Treatment. Patients with chronic persistent and aggressive hepatitis without exacerbation should follow a diet with the exception of spicy, spicy dishes, refractory animal fats, fried foods. Recommended cottage cheese (daily to 100-150 g), mild cheeses, low-fat varieties of fish in boiled form (cod, etc.). In toxic and toxic-allergic hepatitis, it is extremely important to completely stop contact with the relevant toxic substance, with alcoholic hepatitis-taking alcohol, if necessary, treatment for alcoholism is indicated.

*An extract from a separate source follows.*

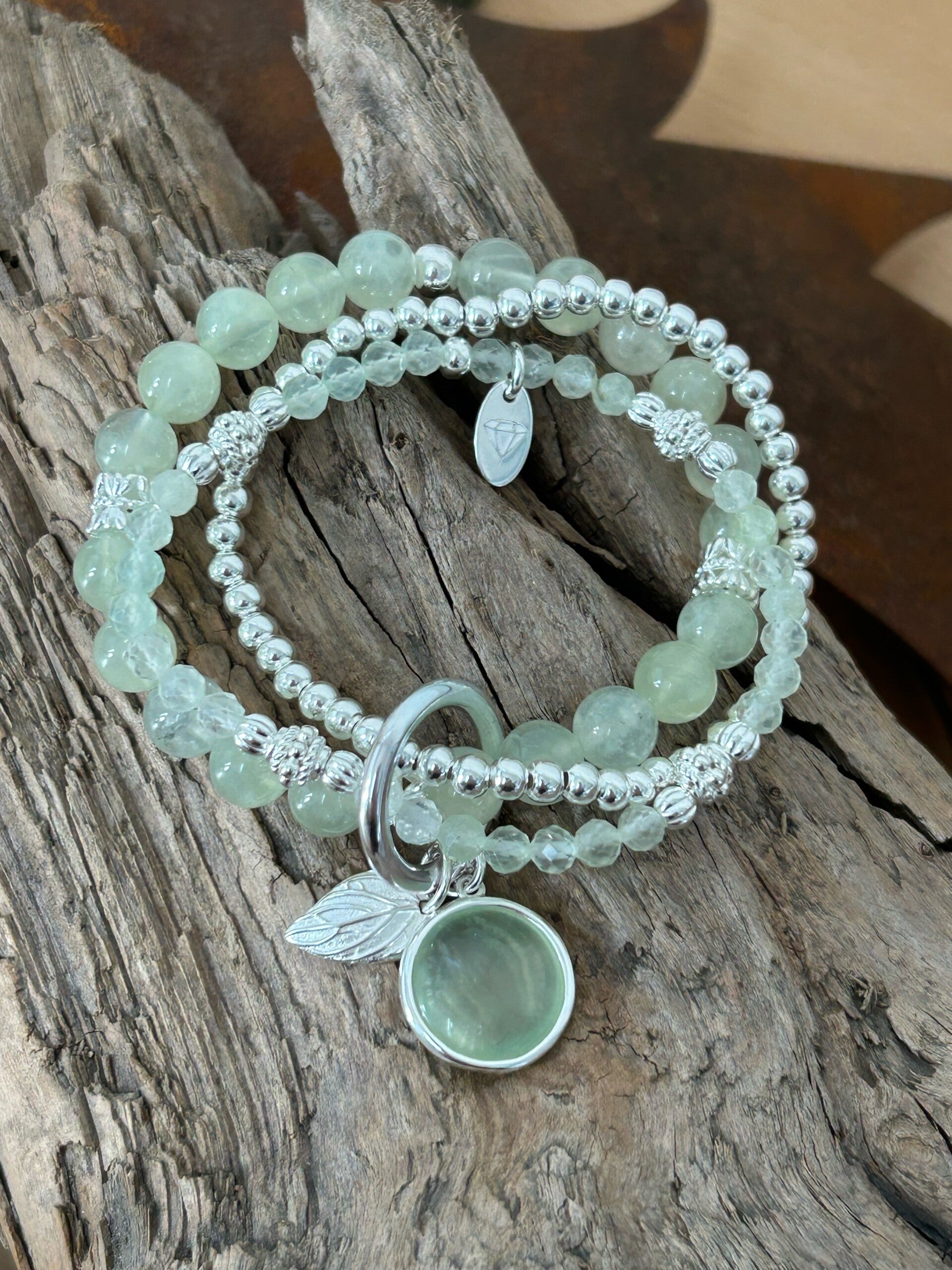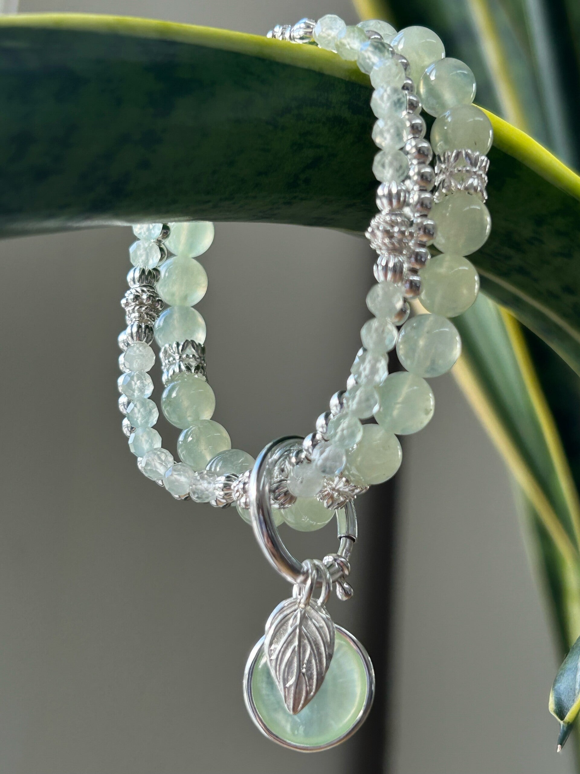 Hinweis: mit Stretch-Band; Silber 925 Fassung, Anhänger "Blatt", Karabiner, Kügeli und Elemente; Kugeln 8mm und 4mm facettiert; Stein-Anhänger 16mm Durchmesser

With the exacerbation of hepatitis shows hospitalization, bed rest, a more strict, sparing diet with enough protein and vitamins. Assign glucose to 25-30 grams inside, vitamin therapy (especially vitamins B1, B2, B6, B12, nicotinic, folic and ascorbic acid). In order to improve the anabolic processes, anabolic steroid hormones (methandrostenolone by mouth at 15-20 mg / day with a gradual dose reduction or retabolil of 20-50 mg once every 2 weeks) are used. In more acute cases, especially with signs of significant activation of the immunocompetent system, corticosteroid hormones (20-40 mg of prednisone per day) and (or) immunosuppressants are also shown in small doses also in small doses, but for a long time. Treatment with extracts and hydro-lysates of the liver (vitohepat, sireppar and others), but cautiously, since with acute hepatitis, the administration of hepatic hydrolysates can enhance auto-allergic processes and contribute to an even more exacerbation of hepatitis.

In chronic cholestatic hepatitis, the focus should be on identifying and eliminating the cause of cholestasis, in which case one can expect success from treatment activities.

Patients with chronic hepatitis need employment (restriction of heavy physical exertion, exemption from work associated with frequent business trips and not allowing to comply with the diet). Patients with aggressive hepatitis with a rapid progression of the process are transferred to disability III, and in some cases, group II.

Prevention of chronic hepatitis reduces to the prevention of infectious and serum hepatitis, the fight against alcoholism, the exclusion of the possibility of industrial and domestic intoxication with hepatotropic substances, as well as the timely detection and treatment of acute and advanced hepatitis.